False Statements Act, 18 U.S.C. §1001
This act imposes liability on a health care provider that in a communication submitted to the government, makes false or fraudulent statements or representations, false writings or documents, or that falsifies or covers up a material fact. Like the false claims act, the health care provider need not necessarily have made the statement directly to the federal government; it is enough that the false statement was made to a state agency or insurance company and submitted to the government. See United States v. Huber, 603 F.2d 387 (2nd Cir. 1987) (hospital supply company violated act where it marked up supplies to hospitals, who then submitted the marked up costs to the insurance companies acting as fiscal intermediaries for the Medicare and Medicaid programs.)

The prosecutor need only prove that the provider intentionally submitted the claim knowing that it was false, fictitious or fraudulent.

In order to show a violation of this act, the government must prove that the health care provider willfully submitted the false statement or representation to the government, knowing it to be false, and that the statement was material i.e. that the statement was of the type that has the natural tendency to influence the agency’s action. See United States V. Greber, 760 F.2d 68, 72-73 (3rd Cir. 1985).
The penalty for a conviction under the False Statement Act is a fine of not more than $10,000.00 or imprisonment of more than 5 years, or both. As with the False Claims Act, this penalty can be assessed for every violation.
This is only an example of the many federal statutes that can apply of Medicare and Medicaid fraud, which many states have adopted as applicable in their state.

Conclusion

How to avoid an audit and a finding of fraud:

  1. Don’t be greedy.
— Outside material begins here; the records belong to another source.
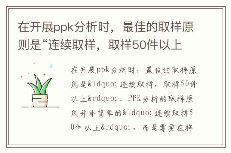 在开展ppk分析时,最佳的取样原则是“连续取样,取样50件以上”。
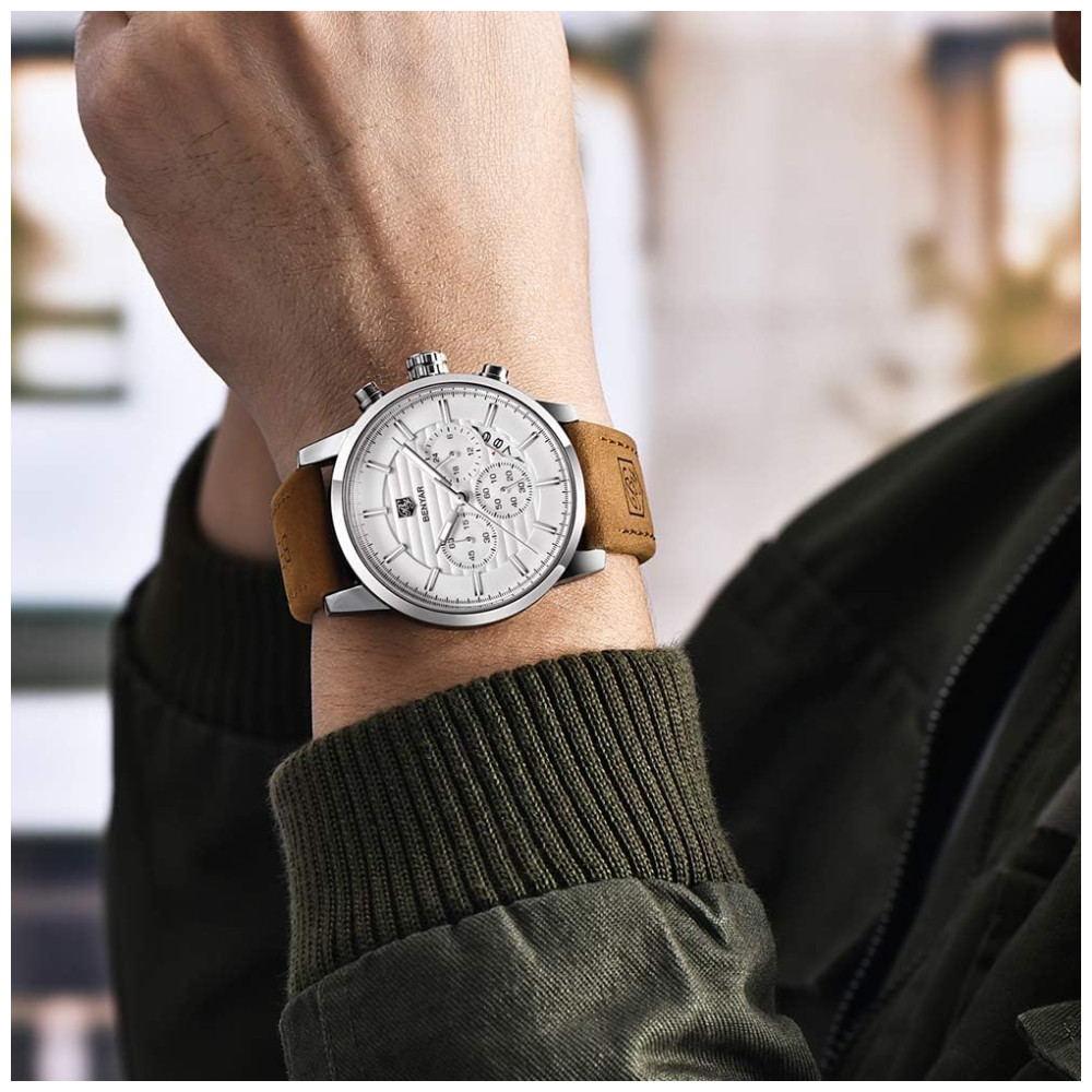 FAIXA DE COURO DE QUALIDADE Vidro mineral à prova de arranhões, pulseira de couro traz uma experiência de uso confortável e cavalheiro.
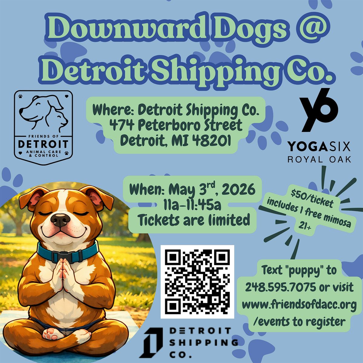 Join YogaSix Royal Oak at Detroit Shipping Company for a fun, all-levels yoga class featuring adoptable dogs from Friends of DACC as part of Bark in the Yard. Enjoy a light, beginner-friendly flow while interacting with adorable pups—and maybe meet your new best friend. Stick around after class for a complimentary mimosa!
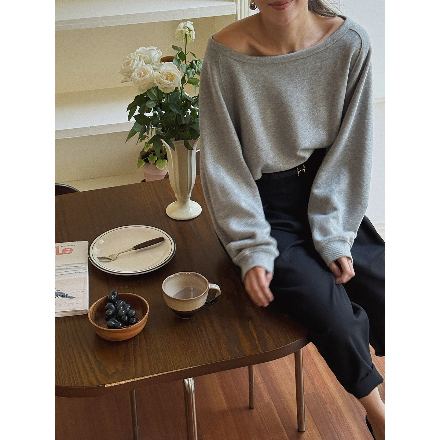 长袖 套头100%面内搭打底卫衣 时髦一字领露肩宽松慵懒短款 SOTHEA

Excessive fees invite audits.
  2. Do NOT waive patient deductibles or co-payments
  3. Make sure that you have all your documentation before you file the claim
    1. Make sure you do not charge for an evaluation and management code that you cannot justify. Avoid using 99205, as this E & M code likely requires a full body exam which we are not qualified to perform.

Insurance fraud is completely avoidable.  No practitioner should ever be convicted of fraud. As E.T. says: “Beeeee Gooooood.”